Désertant la piste, nous prenons l’escalier pour la salle de bain privée de Sophie. Le cul de Paule sous les yeux, je passe rapidement une main le long de sa cuisse pour vérifier si elle portait bien une culotte. Je soupire de soulagement quand du bout des doigts, je touche la ficelle de son string.


— Patience, gros cochon, tu pourras en profiter bientôt !

— Je vérifiais juste que ma récompense était bien là.


Cambrant un peu plus ses reins, elle entre dans la salle de bain et me demande:


— Comment fait-on, maintenant ?

— Soulève ta robe et assieds-toi. Bien... Baisse ta culotte ...


A genoux, les mains posées sur ses cuisses, je me penche pour humer le parfum de la vieille chatte à la toison minimale. Un petit carré roux de la taille d’un demi-ticket de métro exhibe de courts poils frisés. Alors que je commence à lécher le tissu du petit triangle transparent de dentelle noire, je lui dis:


— Vas-y, pisse !


Pour la deuxième fois de la soirée, la douce musique de la fontaine de champagne dorée résonne à mes oreilles. Etonnamment, son odeur est bien plus douce que celle de Sophie. Je mets ma main en coupelle sous la source pour recueillir le précieux liquide et le porte à mes lèvres. Alors que je commence la dégustation, elle me prend la main et dit:


— Viens, buvons ensemble. J’ai toujours rêvé de faire ça.


Nous lapons la liqueur ambrée du bout de la langue. Nos appendices s’effleurent subtilement pendant que fiévreusement nos mains explorent le corps du partenaire à la recherche des zones érogènes.


— Viens... Pisse-moi sur le ventre... Dit-elle en retirant sa robe dans un éclair bleu.
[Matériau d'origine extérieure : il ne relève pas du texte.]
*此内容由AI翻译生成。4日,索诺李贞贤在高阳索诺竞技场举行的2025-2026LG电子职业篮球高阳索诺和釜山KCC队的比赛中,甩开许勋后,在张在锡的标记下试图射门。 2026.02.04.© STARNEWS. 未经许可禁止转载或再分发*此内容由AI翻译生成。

Je prends sa culotte et la retire d‘entre ses cuisses pour m’approcher, le sexe tendu, au plus près de son nombril et commencer l’arrosage. Les yeux dans les yeux, nous tressaillons ensemble au moment où le fin jet sort de mon urètre et réchauffe le corps de Paule.


— Hmmm, souffle-t-elle, comme c’est chaud... Encore... Quelle douche !
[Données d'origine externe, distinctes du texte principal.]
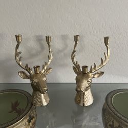 Set Of 2 Handcrafted 13X7.5” Brass Look Stag Deer Head Ornate Heavy Candelabra $89Queen Creek, AZ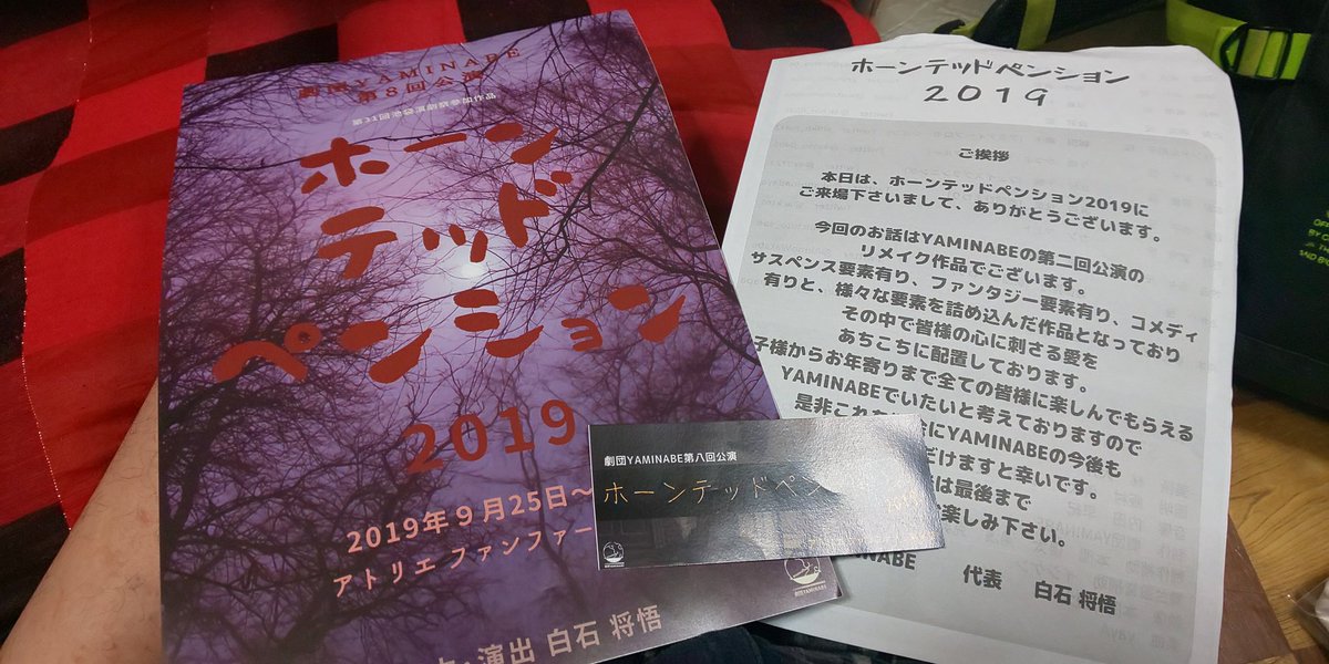 【20190928】劇団YAMINABEさんの舞台「ホーンテッドペンション2019」を観てきた。時間作って観に行って良かった凄くいい時間を過ごした! 最後の展開は意外すぎたけど、人の温かさ、すれ違って交錯する感じが何とも言えずもど… https://t.co/RK4Tf4INtC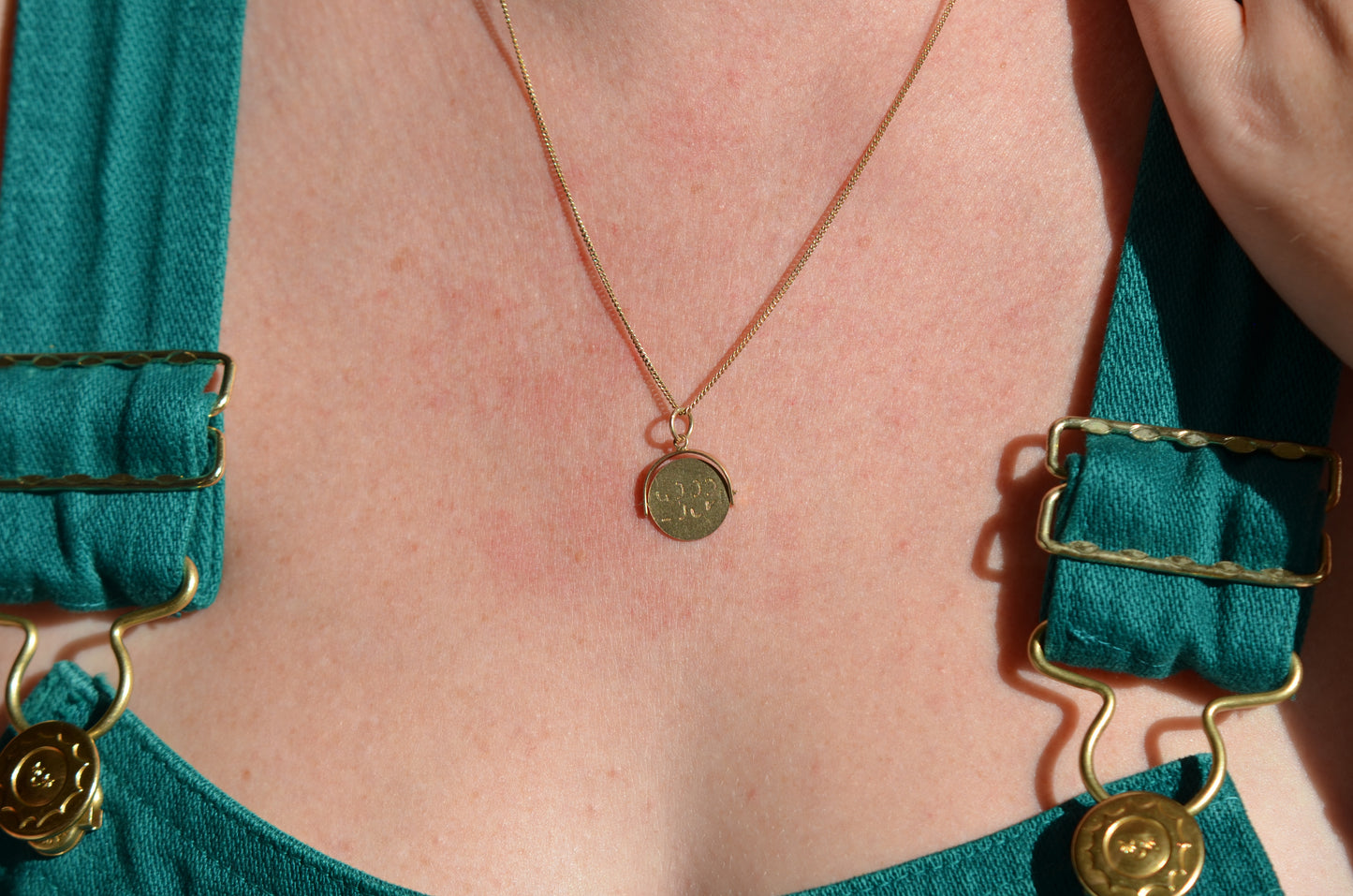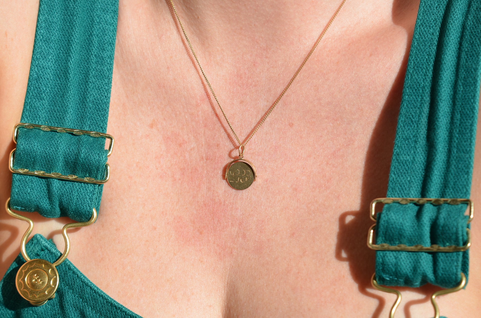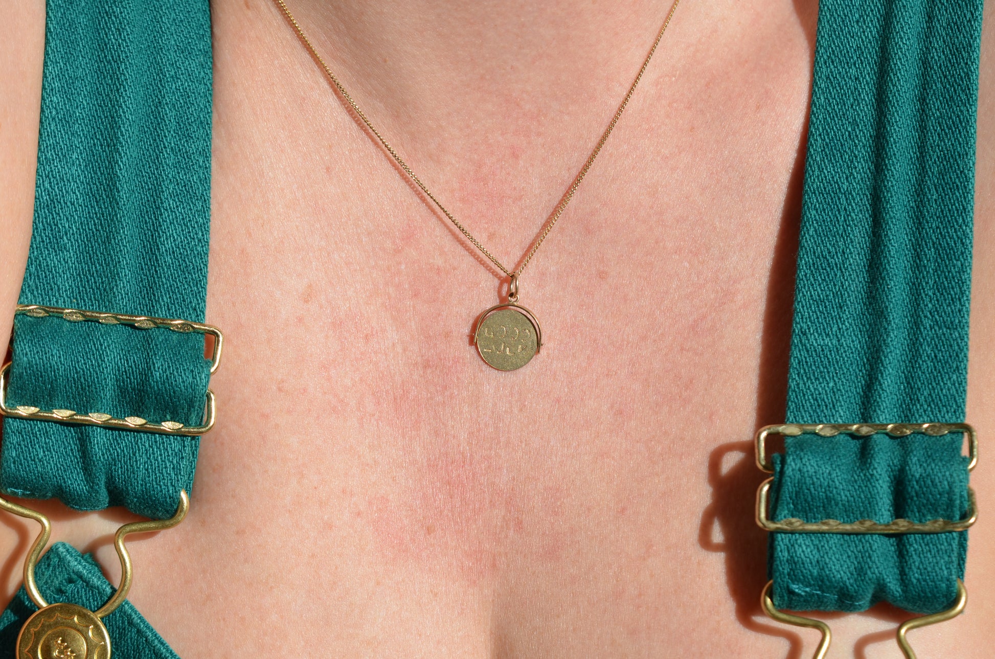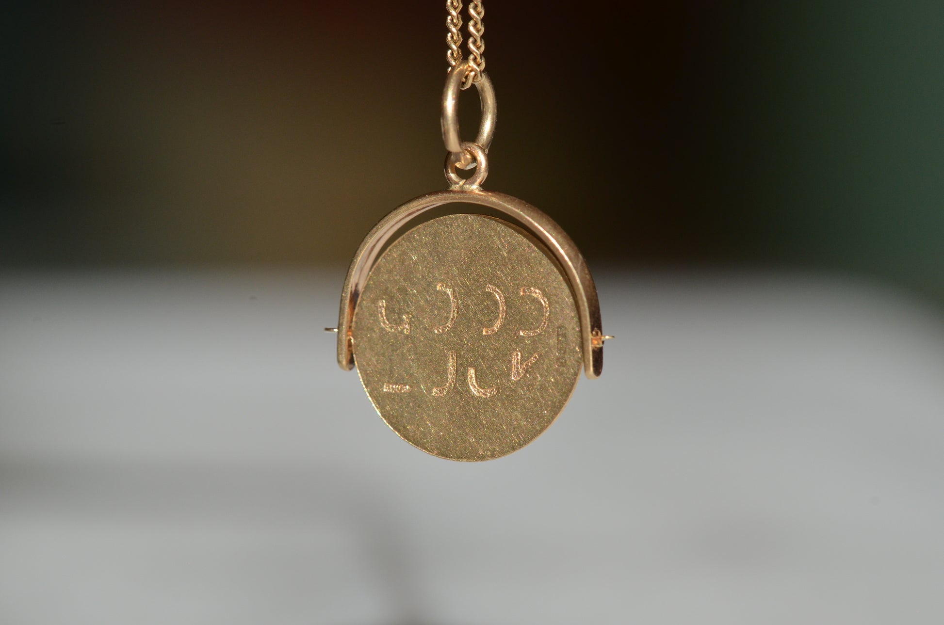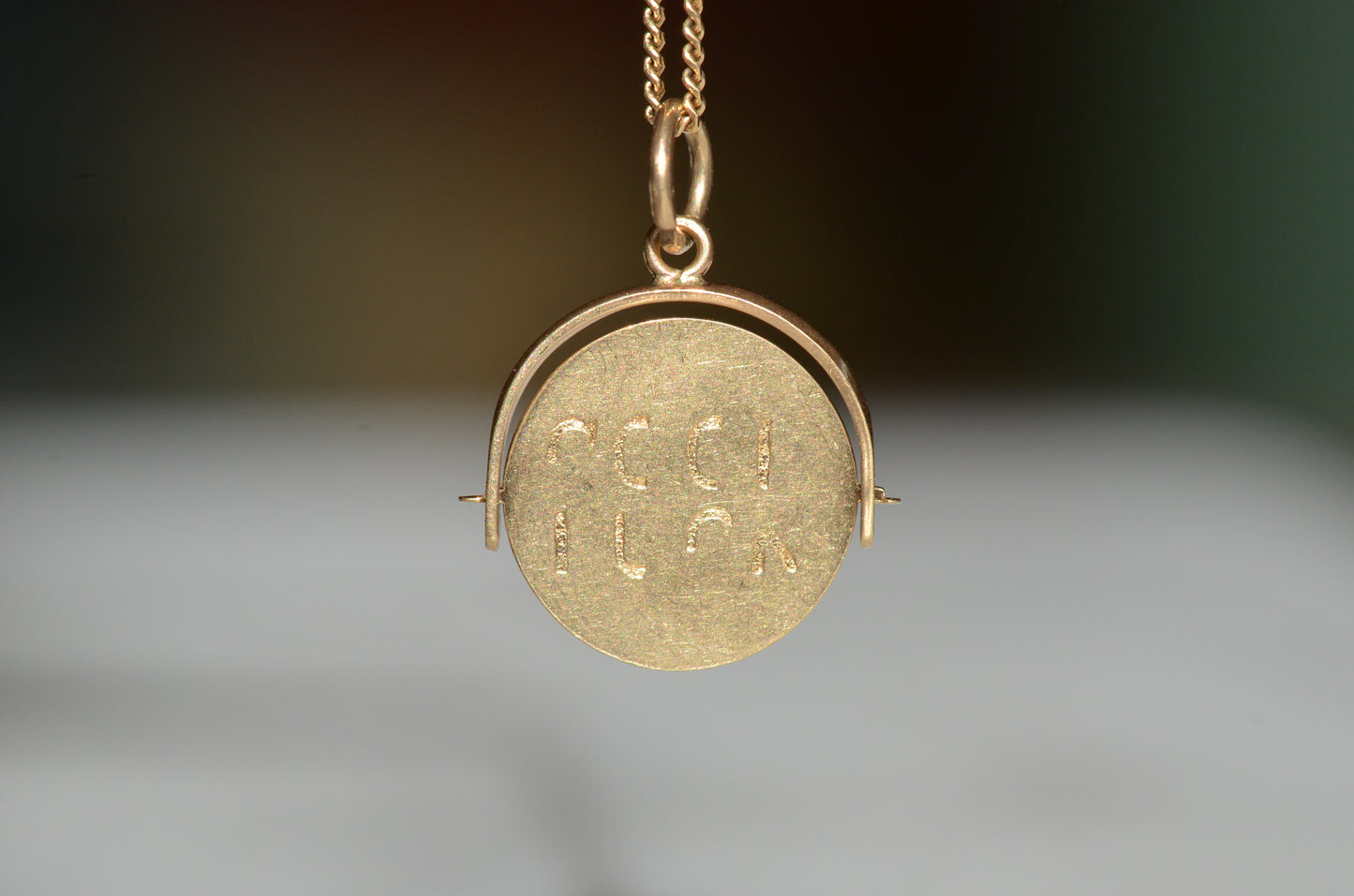 Straight from the mid-century charm craze, these delightful pieces can be added to your own charm bracelet or necklace, or worn alone on a chain to give them all the focus. Each side of the disc bears only a portion of each letter, creating a secret message that is only revealed when the disc is spun and in motion.

Les nombreux verres absorbés ce soir ont gonflé ma vessie comme un dirigeable prêt à exploser alors qu’il atteint le septième ciel. Je coule sur elle pendant de longues minutes qui paraissent des heures. La rivière jaune est une fièvre qui s’empare de nous et s’élève, toujours plus haut, vers les contrées inexplorées des pratiques inavouables. La pisse coule du petit creux au centre de son ventre vers son entrejambe. Irriguant au passage sa minuscule toison, son sexe et son anus, les gouttes impies tintent au fond de la cuvette comme une ode perverse à toutes les sexualités. Mais, tous les chemins connaissent une fin, porte close ou escalier vers de nouveaux paradis.
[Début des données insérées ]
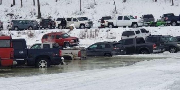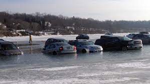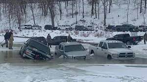 “我大概在四分之一英里外,那里有12英寸的冰,”冰上渔民布洛克·史密斯周日说。史密斯说,周六停车场已经满了,所以司机们开始把车停在湖边。他远远地看着六辆车掉入冰层,不得不收起来。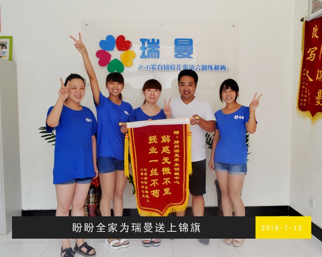 记录瑞曼的康复成功案例和家长送锦旗的信息。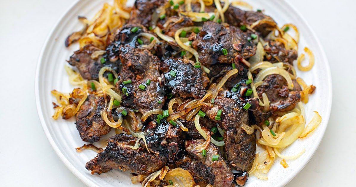 Pan-fried chicken livers and onions with a sweet and tangy balsamic wine glaze. A simple, nutritious, and surprisingly delicious dinner worth trying.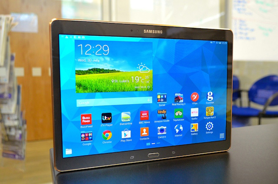 Оснащен планшет, как и 8.4дюймовый гаджет, дисплеем Super AMOLED, 3 Гб оперативной памяти, восьмиядерным Samsung Exynos 5420, Exynos, основным и фронтальным шутером (8-МП и 2.1-МП соответственно), а также встроенной 7900-мАч батареей.

— Maintenant, lui dis-je, c’est l’heure de la toilette.


Comme pour Sophie, elle se lève et ma langue nettoie les gouttes de ses chevilles jusqu’à sa chatte, sans la toucher. Puis, la retournant, j’écarte ses fesses pour découvrir une rondelle aux stries presque parfaites que j’assèche goulûment. Enfin, je lui demande de s’accroupir au-dessus de moi. J’enfonce profondément ma langue dans son intimité après m’être délecté des moindres traces d’urine sur sa cramouille.


— Sophie avait raison, commence-t-elle, tu es délicieux comme papier toilette. Relève-toi et donne ta queue que je joue avec.


D’une main ferme, Paule attrape mon membre et le lave à grand coup de langue. Avec sa main libre, elle me malaxe les testicules et finit par me pomper à grand bruit. Au bord de l’explosion, je me retire et lui dis:


— Non, laisse. La soirée n’est pas terminée. On se reverra plus tard, ne t’en fais pas !


Me penchant sur elle, je l’embrasse à pleine bouche et ramasse la culotte que j’enfonce dans ma poche où elle rejoint celle de Sophie.